Monday, April 17, 2006

SPOTLIGHT ON MICHELLE OTERO


Monday’s post from Daniel Olivas

Michelle Otero is a former Fulbright Fellow who lives and works in Oaxaca, México where she conducts creative writing workshops for women survivors of sexual assault. Malinche's Daughter, an essay collection based on her life and work in Oaxaca, was published by Momotombo Press in April 2006. Her work has appeared in Puerto del Sol, BorderSenses, and other journals in the U.S. and México, and she is the recipient of a fellowship from Hedgebrook. She is a committed anti-violence activist, she volunteers with Amigos de las Mujeres de Juarez and is a founding member of The Women Writers’ Collective, an El Paso-based group that showcases the talents of women writers and artists while raising awareness of women’s issues. A graduate of Harvard University, she is currently a student in the low-resident MFA program at Vermont College and is working on Vessels, a memoir of borders based on her grandfather’s service in World War II and her southern New Mexico upbringing. Visit Momotombo Press to order Otero’s chapbook, Malinche’s Daughter.

NUEVO LIBRO: Though I’m often making note of book reviews by Rigoberto González and Sergio Troncoso in the El Paso Times, thanks to the efforts of Sergio and the kind offer from editor Ramón Renteria, I am now a book reviewer for EPT. My first review is of Reyna Grande’s debut novel, Across a Hundred Mountains (Atria Books) which will be released this June. You may read the review here.

NOTICIAS FROM CSRC: The UCLA Chicano Studies Research Center sends us the following important news regarding opportunities and events:

◘ CSRC will host Magdalena Beltran-del Olmo and Frank Sotomayor, editors of Frank del Olmo: Commentaries on His Times, for a reading and book signing on Thursday, April 27, 2006, 4:00 - 7:00 p.m., in the CSRC Library, 144 Haines Hall. Otto Santa Ana will serve as moderator, and additional guests will make presentations. A reception will follow. Frank del Olmo, an associate editor and columnist for the Los Angeles Times, was a role model and an inspiration to many Chicana/os. His columns and editorials were often the loudest, clearest, and most articulate voice for the Chicana/o community. He died February 19, 2004. The book is a collection of his columns.

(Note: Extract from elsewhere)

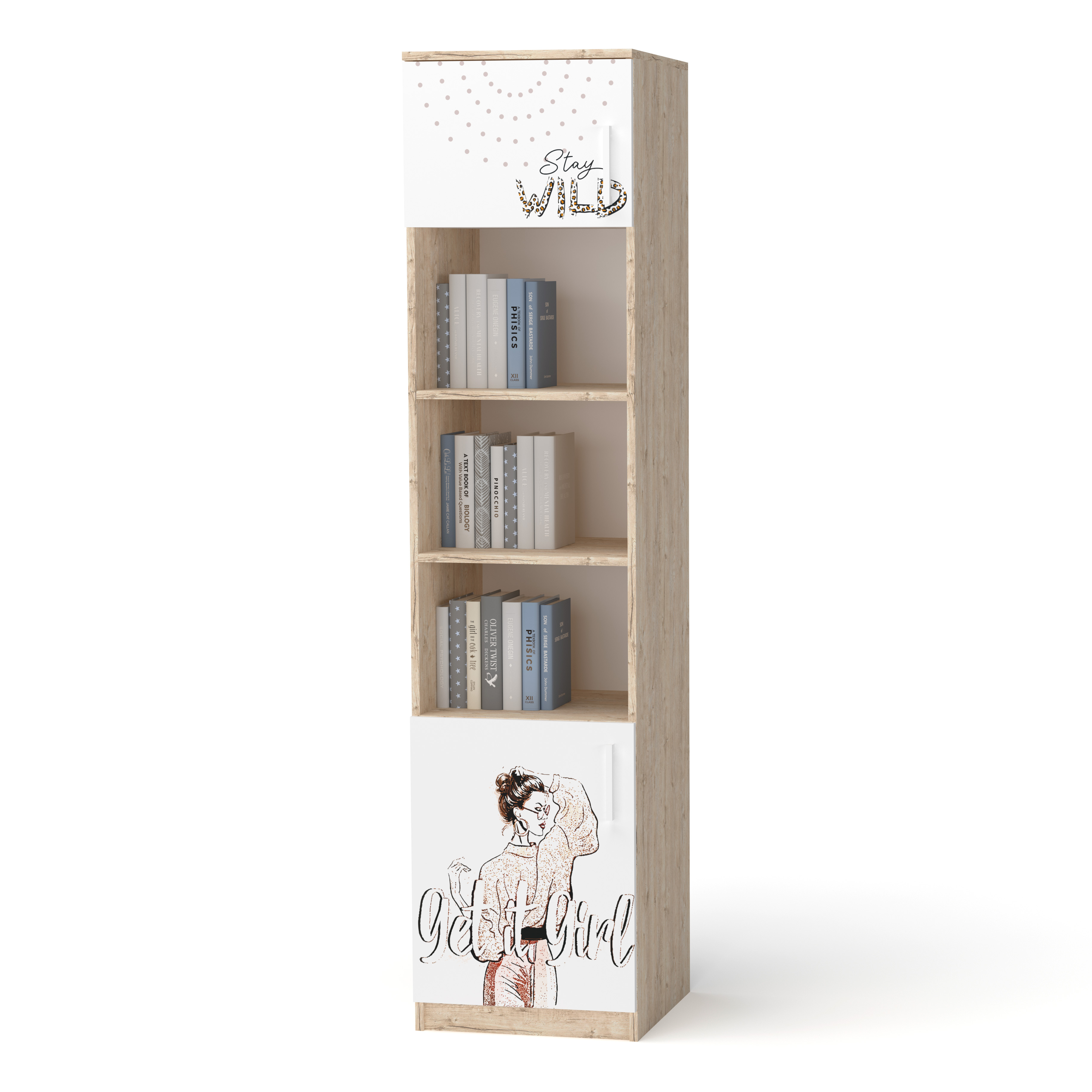 • Корпус виготовлений з ЛДСП Swisspan, колір "Дуб Шервуд", фасади - екологічне австрійське ЛДСП Egger білого кольору, товщина плити 18 мм.

◘ HSF/Pfizer, Inc. Fellowship: A stipend of $10,000 for the first and second year of graduate school is available to ten full-time Hispanic students (one parent must be fully Hispanic or both parents must be half Hispanic). Applicants must be enrolled during the next academic year in a master’s or PhD program and have a minimum GPA of 3.0 at one of the following universities: Carnegie Mellon, Columbia, Cornell, Harvard, MIT, NYU, Northwestern, Stanford, UC Berkeley, UCLA, University of Chicago, University of Pennsylvania, UT Austin, or University of Virginia. Deadline: Monday, May 15, 2006. For more information, click here.

BORDER BOOK FESTIVAL: Melinda Palacio offers us a dispatch on the Border Book Festival. Luis Urrea will be a guest author at the festival (see below).

URREA INTERVIEW: Kacey Kowars interviews Luis Urrea. Here are a couple of events Luis has planned:

April 21-23, 2006
Border Book Festival
Mesilla, NM
www.borderbookfestival.org

April 25, 2006
7 p.m.
Reading and Signing
Book Works
Albuquerque, NM
http://www.bkwrks.com/

All done. So, until next Monday, enjoy the intervening posts from my compadres y comadre at La Bloga. ¡Lea un libro!